Is there an arguable case that natural justice has been denied?

[47]  It is apparent from the foregoing account that the defendants made submissions to the plaintiff from time to time in relation to the renewal of the lease and the continuation of the occupation licence.  The defendants were aware that questions of conservation weighed with the Minister and, it would seem also, that they were aware that the Minister was concerned about the interests of Native Title claimants.  That, Mr. Hanson argues, is sufficient to enable the defendants to put their case to the Minister and to thus provide them with an opportunity to be heard.

[48]  On the material before me however, which consists essentially of a limited number of selected documents and the uncontradicted evidence of the first defendant and Mr. Elmes, it is arguable that the defendants were not afforded natural justice.  The evolution of the decision making process and the reasons for the Minister’s final determination do not clearly emerge from the material before me.  But it is clear that departmental officers in briefing the Minister had regard to reports and policies which identified particular areas of land as deserving protective tenure.  The material does not suggest that all such matters were drawn to the defendants’ attention.  Nor does the material suggest that “Native Title issues” were or are identified in more than a vague and general way.  It is thus arguable that the defendants were not aware of the substance of the case they had to meet, or of those matters which were considered by the Minister to be central to his prospective determination.  It is also arguable that they were unaware of the existence of documents and opinions which were material to the Minister’s  determination and adverse to the interests of the defendants.

[49]  In making his determination the Minister was obliged to comply with the Requirements of the Land Act.  The decision making process involved the assessing and weighing of competing factors, interests and claims.

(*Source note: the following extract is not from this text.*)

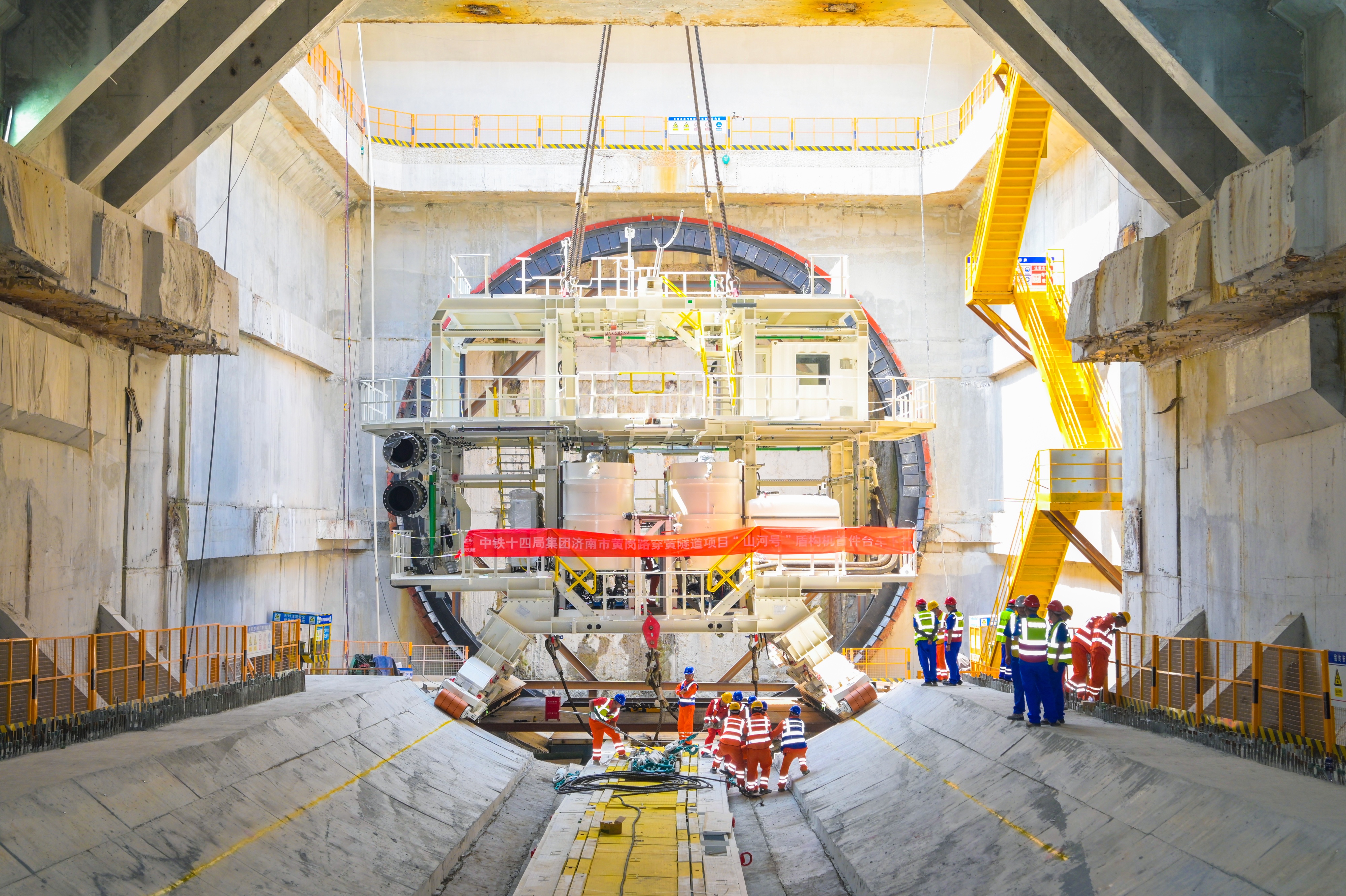 针对项目地质情况量身定制的“山河号”,是世界在建最大直径泥水平衡盾构机,最大开挖直径17.5米,盾构机总长163米、重达5200吨、装机总功率12580千瓦,主要由刀盘、12块盾体、主驱动、拼装机、桥架、四节后配套台车及附属部件组成,盾构机总装达到世界先进水平。

Without a clear understanding of the matters to be taken into account by the Minister any opportunity to be heard was likely to prove illusory.

[50]  As the material before me is largely documentary in form supplemented by affidavit evidence,  the following observations of McPherson SPJ in State of Queensland v Litz are pertinent:-


“It is, however, one matter to view the sequence of events in purely documentary form, and quite another to have those events elucidated by oral evidence.”


There is the additional difficulty, which assists the defendants on a summary judgment application, of identifying the boundaries of the Minister’s decision making processes.  Any opportunity to be heard after his relevant decision was made may not assist the plaintiff unless the decision was reconsidered and there is some obscurity about when the Minister ceased to entertain, as a practical matter, submissions about the renewal of the lease or the grant of a new lease.

Whether the finding of an arguable case of denial of natural justice entitles the defendants to succeed

[51]  Even if it is accepted that there is a triable issue as to whether natural justice was afforded the defendants in relation to the renewal of the lease or the grant of another lease in its place, the reality is that the term of the lease has expired and no new lease has been granted.  Prima facie then the plaintiff is entitled to possession of the land, the subject of the expired lease.  The defendants’ answer to this difficulty is provided by the course taken in the State of Queensland v Litz where it was held that until the defendant’s right to a proper hearing was vindicated he was entitled to continue to conduct his business and to remain in occupation “…at least until the application is determined at a hearing held in response to the requirement of natural justice.”  McPherson SPJ continued:-


“Expressed in another way, the plaintiff cannot stultify the right to a hearing, to which for this purpose it must be assumed the law compels effect to be given, by depriving the defendant of the ultimate benefit which he hopes will accrue to him from that right.”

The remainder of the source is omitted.